= Claire Lamont =

British academic (1942–2023)

Claire Lamont (29 January 1942 – 9 April 2023) was a British academic who was Emeritus Professor of English literature at Newcastle University and a specialist in the oeuvres of Jane Austen and Sir Walter Scott. She was a winner of the British Academy's Rose Mary Crawshay Prize in 1983.

==Life==
Claire Lamont was born in London on 29 January 1942. Her maternal grandfather, Sir Edward Appleton, was the Principal of Edinburgh University (1949-65). She attended Esdaile's (The Ministers' Daughters' College) in Edinburgh, and read English at Edinburgh University. She took up a research role at Leeds University followed by a graduate studentship at St Hilda's College, Oxford, where she researched the literary papers of the Fraser Tytler family from Inverness-shire. She worked at an antiquarian bookseller in London, then became a Junior Research Fellow at Somerville College, Oxford, matriculating in 1969.

In 1971, Lamont joined Newcastle University as a lecturer in English literature.

==Academic work==
Lamont discovered a manuscript by William Collins titled Popular Superstitions Ode in 1967.

In 1970, Lamont edited and published Jane Austen's Sense and Sensibility as part of an Oxford University series of English novels. Her introduction was well-received as elegantly written, though her traditional, correct and unexceptionable account of the novel was criticised for not addressing its true import, namely the clash between Marianne Dashwood and her social suffocation by her sister and others.

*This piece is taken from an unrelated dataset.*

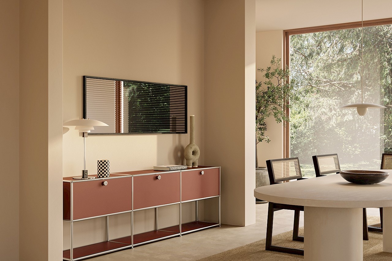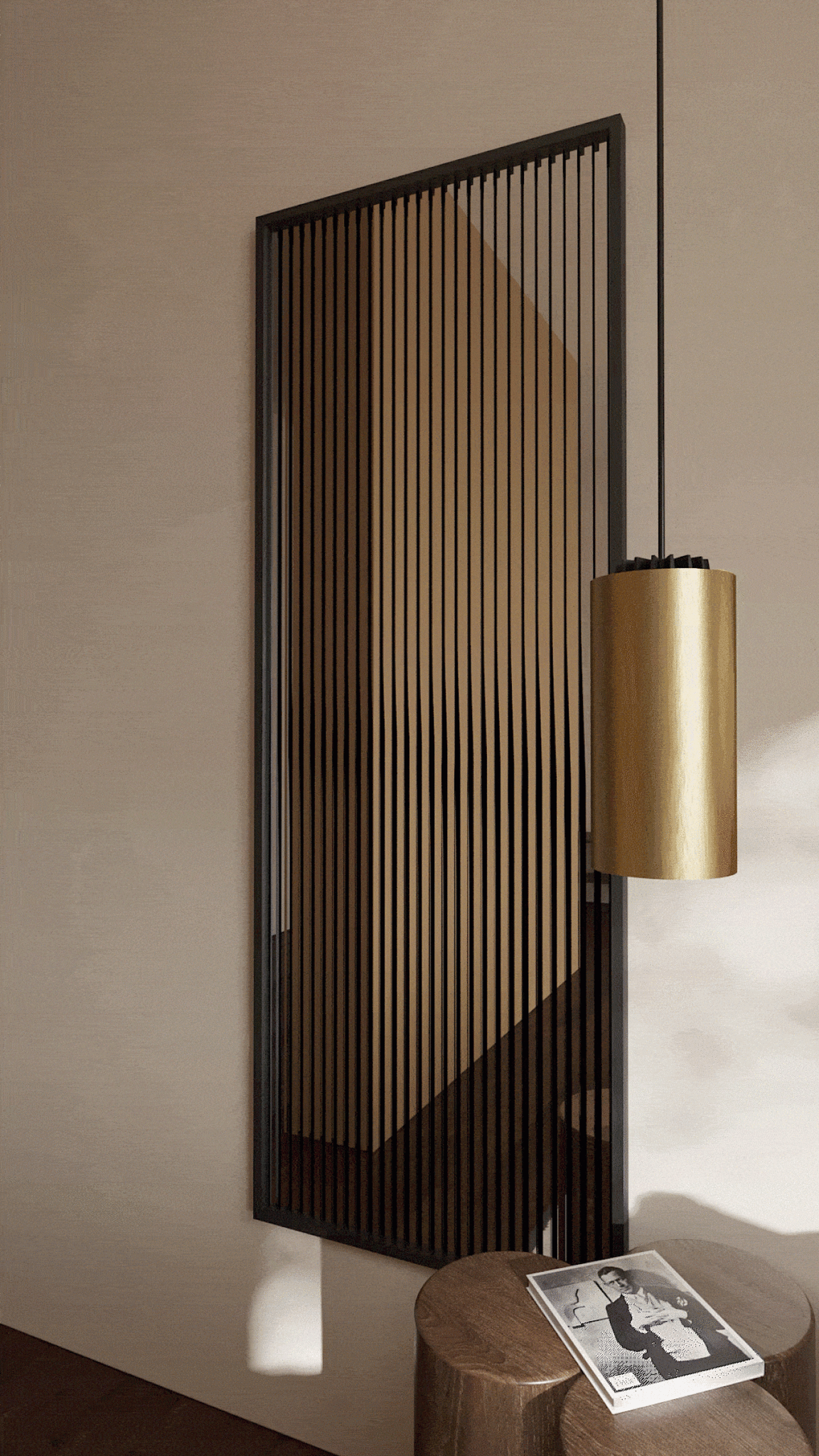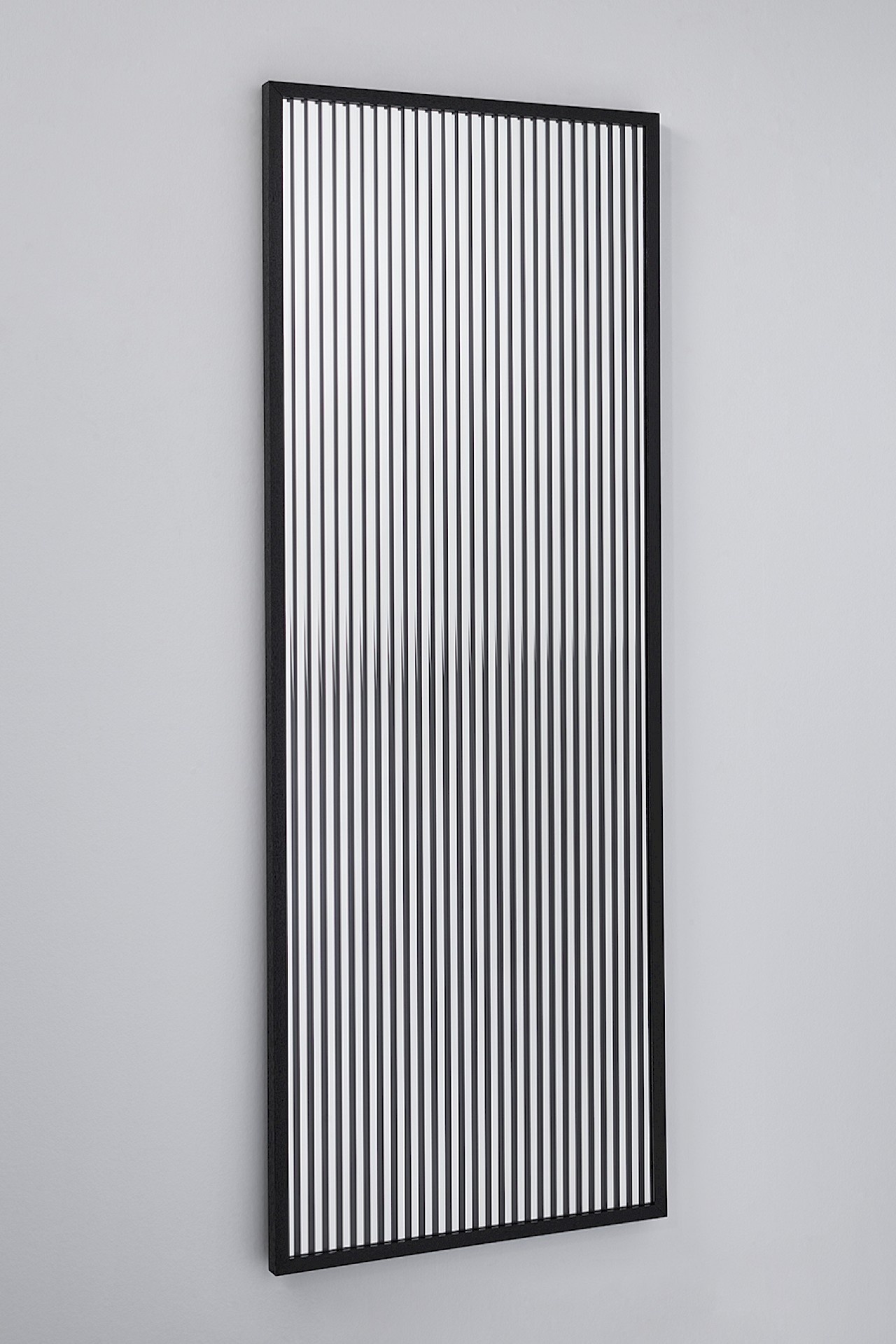 Lorsque vous vous déplacez devant le miroir, les bandes semblent se déplacer et créer sans cesse de nouveaux reflets. 'Attitude' devient ainsi un élément dynamique dans la pièce qui ne cesse de surprendre.

At Somerville, Lamont was supervised by Mary Lascelles. She prepared a new edition of Sir Walter Scott's Waverley, which was published in 1981. Based on Scott's first edition rather than the later Magnum Opus edition, her work, the first by a modern editor, was called a foundational edition.

The Edinburgh Edition of the Waverley Novels, work on which began in 1984 and continued until the publication in 2012 of the last two volumes in the series, was co-edited by Lamont.

==Death==
Lamont died from complications of vascular dementia on 9 April 2023, at the age of 81.

==Honours==
For her edition of Waverley, Lamont received the Rose Mary Crawshay Prize in 1983. She became a Fellow of the English Association of the University of Leicester in 2004. She was an Honorary Fellow of the Association for Scottish Literary Studies. In 2011–2012 she was President of the Edinburgh Sir Walter Scott Club.

==Selected publications==
- Austen, Jane (1970). "Sense and Sensibility"
- Scott, Walter (1981). "Waverley; or 'Tis Sixty Years Since"
- Scott, Walter (2000). "Chronicles of the Canongate"
- Scott, Walter (2008). "The Heart of Midlothian"
- Alexander, J. H. (2012). "Walter Scott, Introductions and Notes from the Magnum Opus: Waverley to A Legend of the Wars of Montrose. The Edinburgh Edition of the Waverley Novels"
- Alexander, J. H. (2012). "Walter Scott, Introductions and Notes from the Magnum Opus: Ivanhoe to Castle Dangerous. The Edinburgh Edition of the Waverley Novels"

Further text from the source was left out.